The input flag defaults to ``False`` if not given.

In [10]:
a = torch.randn(2, 2)
a = ((a * 3) / (a - 1))
print(a.requires_grad)

a.requires_grad_(True)
print(a.requires_grad)
b = (a * a).sum()
print(b.grad_fn)

False
True
<SumBackward0 object at 0x7fb1289889d0>


##### Gradients

Let's backprop now!

Because ``out`` contains a single scalar, ``out.backward()`` is equivalent to ``out.backward(torch.tensor(1.))``.

In [11]:
out.backward()

In [12]:
print(x.grad)

tensor([[4.5000, 4.5000],
        [4.5000, 4.5000]])


In [13]:
x.data  # `.data` property returns the data of the tensor

tensor([[1., 1.],
        [1., 1.]])

 You should have got a matrix of ``4.5``. 
 
 Let’s call the ``out`` *Tensor* $o$.

We have that $o = \frac{1}{4}\sum_i z_i$, $z_i = 3(x_i+2)^2$ and $z_i\bigr\rvert_{x_i=1} = 27$.

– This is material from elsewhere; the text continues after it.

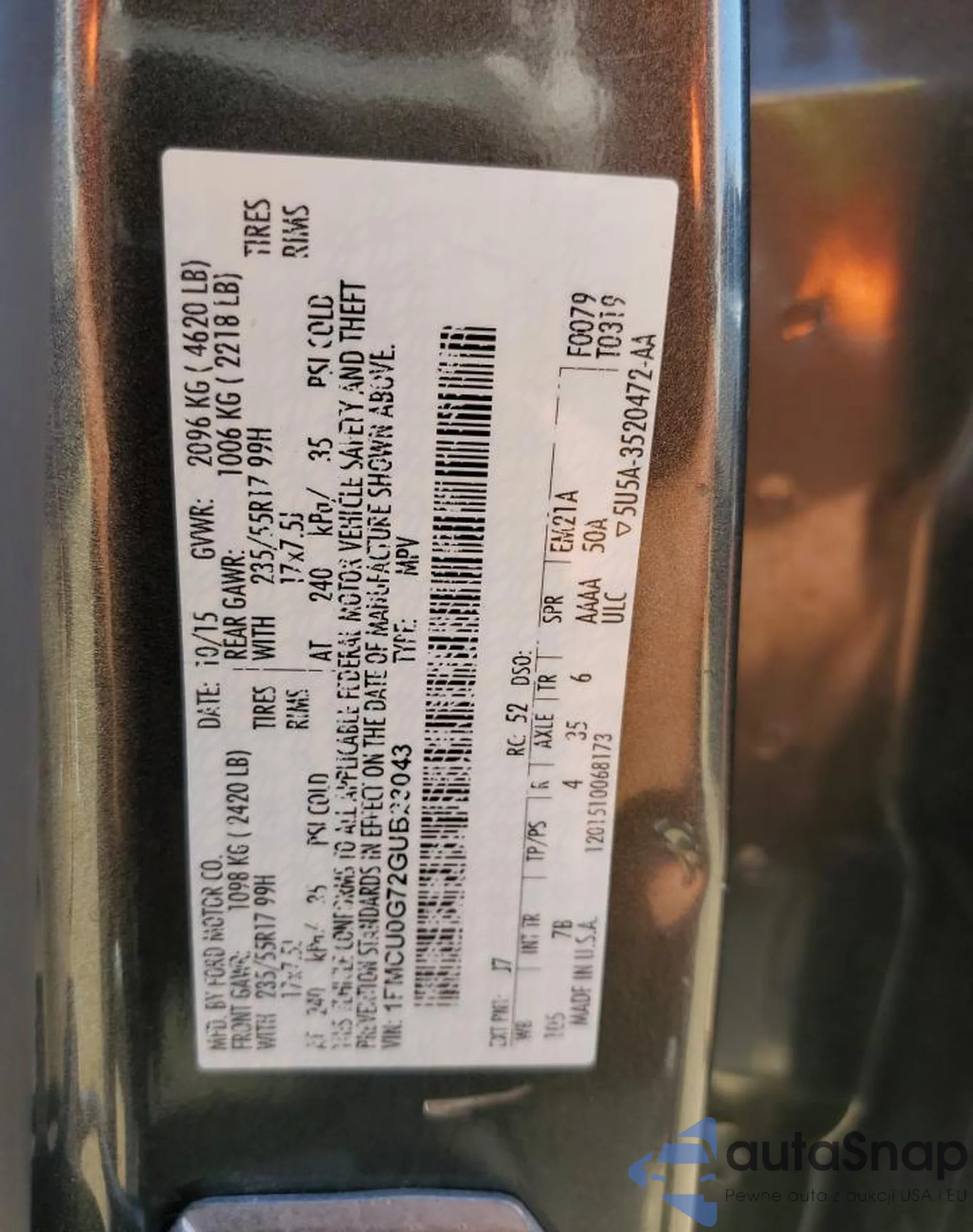 LOT: 68935895 VIN: 1FMCU0G72GUB23043
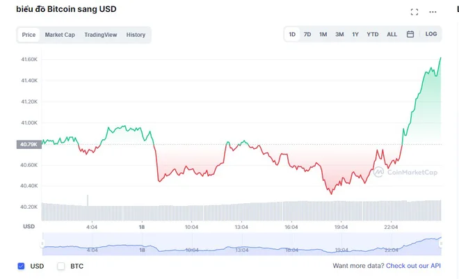 Theo dữ liệu từ CoinMarketCap, giá Bitcoin bắt đầu tăng mạnh vào rạng sáng ngày 19/3. Đồng tiền số hiện được giao dịch ở mức 41.720 USD, cao nhất trong vòng gần 10 ngày qua.

Therefore, $\frac{\partial o}{\partial x_i} = \frac{3}{2}(x_i+2)$, 
hence
$\frac{\partial o}{\partial x_i}\bigr\rvert_{x_i=1} = \frac{9}{2} = 4.5$.

Algorithmically, here is how backpropagation happens with a computation graph. 

> (Not the actual implementation, only representative)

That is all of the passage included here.